Yesterday, I kept trying to log in to my HPCC account and I got a message saying “explicit kill or server shutdown”. I thought perhaps there was something wrong with my Windows machine. Let’s face it, there’s always something wrong with Windows. I did all of the usual things – closed the XWin program, restarted the computer. I tried logging on to my account using two other computers and I still could not log on.
I tried using Fetch on my Mac to upload a file. The little Fetch dog kept running and running but nothing happened. No error message, just a continually running little Fetch dog.
Since it wasn’t my computer – I had tried logging on with three computers using three different operating systems – it must be my account. I logged in with another account no problem. Hmmm … definitely my account.
I logged in using PuTTY on my Windows machine thinking perhaps something had gone wrong with the XWin settings. I tried editing a file using Pico and it would not let me save it, saying “Disk quota exceeded”. This really made no sense since the quota for my project directory had been doubled to 200 GB due to another anomaly, a day or so ago. I had tried to copy a file and received a message “disk quota exceeded”.
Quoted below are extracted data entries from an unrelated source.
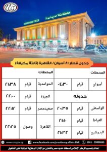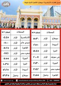 قررت الهيئة القومية لسكك حديدمصر، إعتبارا من يوم السبت الموافق ١٠ / ١ / ٢٠٢٦ امتداد مسير قطار ٩٢٦ ثانية فاخرة من الاسكندرية حتى سوهاج ليصل الساعة ١٣:٣٥ ، على ان يعود من سوهاج بقطار ٩٢٩ الساعة ١٥:٣٠ لينتهى بالقاهرة ، ويترتب على ذلك تعديل مسير قطارى ٨١و٧٢٣ (طبقا للجداول المرفقة ) .
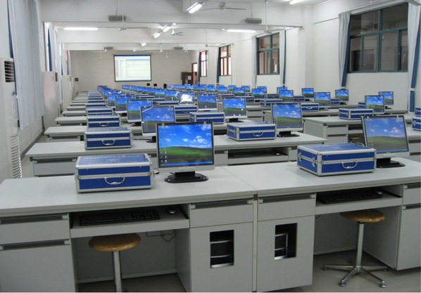 本实验室位于B2-303,占地面积约261m2,是面向工科专业学生的教学实验室,能同时容纳120名学生进行实验操作。主要承担面向全校工科专业的课程《电子工艺实习A》中的“Multisim电路仿真”和“PCB电路板的设计”、电气工程学院的课程《PLC控制技术》、《单片机设计技术》和《电气CAD绘图》等。通过开设的实验项目,使学生掌握实际应用技能、培养学生的动手能力,为学习后续课程及从事科学研究工作打下一定的基础。
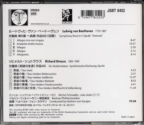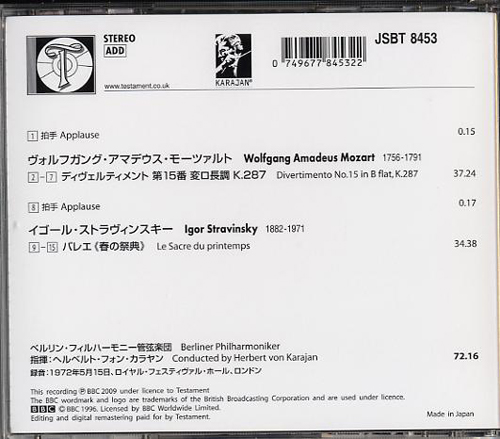 Karajan / Live in London1972 CD:Testament, JSBT 8453
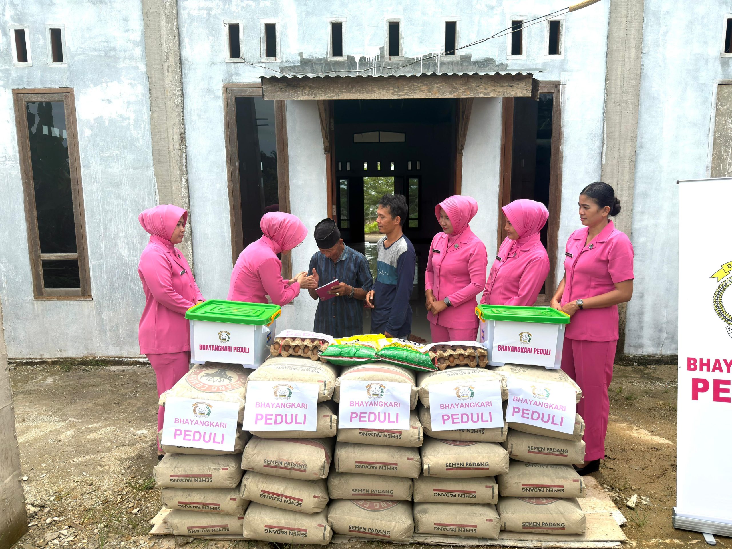Ny. Shanti Riko menyampaikan bahwa kegiatan ini merupakan bentuk nyata kepedulian Bhayangkari terhadap masyarakat, khususnya dalam mendukung sarana ibadah dan kesejahteraan warga.
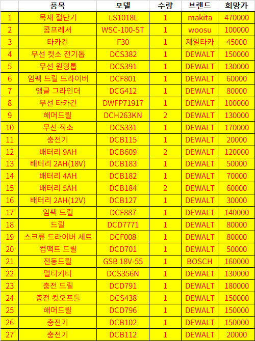 안녕하세요.회사에서 몇 번 안 쓴 전동 공구 판매합니다. 목록과 가격은 사진 확인 부탁드리며 개별 사진은 첨부 파일 확인 부탁드립니다. 개별 판매도 가능하며 일괄 매입시 가격 협의 가능합니다. 거래는 가산디지털단지역 11번 출구 제이플라츠에서 직거래만 가능하며 계좌이체로 거래 원합니다.
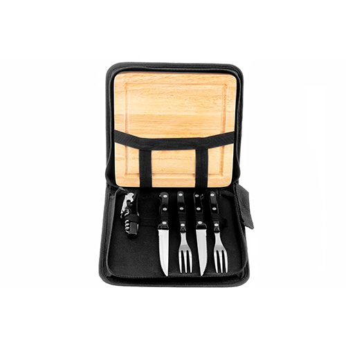 24,5 x 4,5 x 23 cm (cerrado). Acero inoxidable y Nylon. Contiene: 2 tablas de madera, 2 juegos de cubiertos (cuchillo y tenedor) y destapador. Estuche negro con cierre.
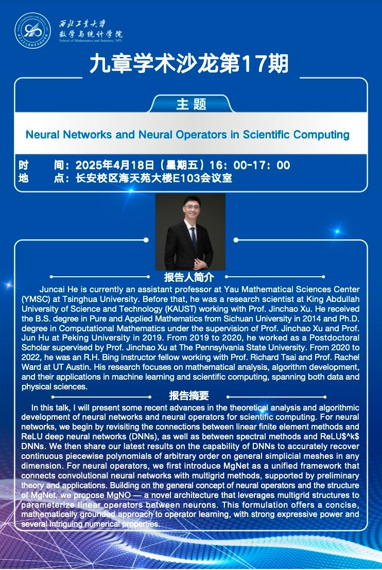 Juncai He is currently an assistant professor at Yau Mathematical Sciences Center (YMSC) at Tsinghua University. Before that, he was a research scientist at King Abdullah University of Science and Technology (KAUST) working with Prof. Jinchao Xu. He received the B.S. degree in Pure and Applied Mathematics from Sichuan University in 2014 and Ph.D. degree in Computational Mathematics under the supervision of Prof. Jinchao Xu and Prof. Jun Hu at Peking University in 2019. From 2019 to 2020, he worked as a Postdoctoral Scholar supervised by Prof. Jinchao Xu at The Pennsylvania State University. From 2020 to 2022, he was an R.H. Bing instructor fellow working with Prof. Richard Tsai and Prof. Rachel Ward at UT Austin. His research focuses on mathematical analysis, algorithm development, and their applications in machine learning and scientific computing, spanning both data and physical sciences.
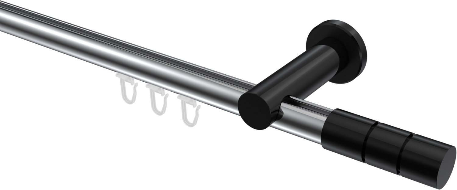 Gardinenstangen mit Innenlauf aus Aluminium / Metall in 20 mm Ø, 1-läufig, Modell PLATON - Elanto Chrom / Schwarz

I had looked at the files in my project directory and everything seemed fine. However, I asked the kind folks at HPCC to increase my quota to 200 GB and they did. Still, I did not think I had over 50 GB in my project directory.
Having managed to log in with PuTTY, I searched around my home directory, did an ls and found that I had inadvertently at some point saved a very large file to my project directory instead of my home director by having my home directory in the LIBNAME statement instead of my project directory. This had greatly exceeded my personal disk space quota of 100 MB. So … I moved the file from my home directory to my project directory giving myself gonzo amounts of space again and life was good.
LIBNAME libref “~/somename” ;
saves things to your home directory. I know that. I must have just been in a hurry.
Since I had just enough space in my home directory for the dataset to completely fill it up, my SAS job ran fine without errors and I was locked out of my account and over quota for a day.
LIBNAME libref “/projectdirectory/subdirectory” ;
saves it in your project directory.
Beware the ~ !!!!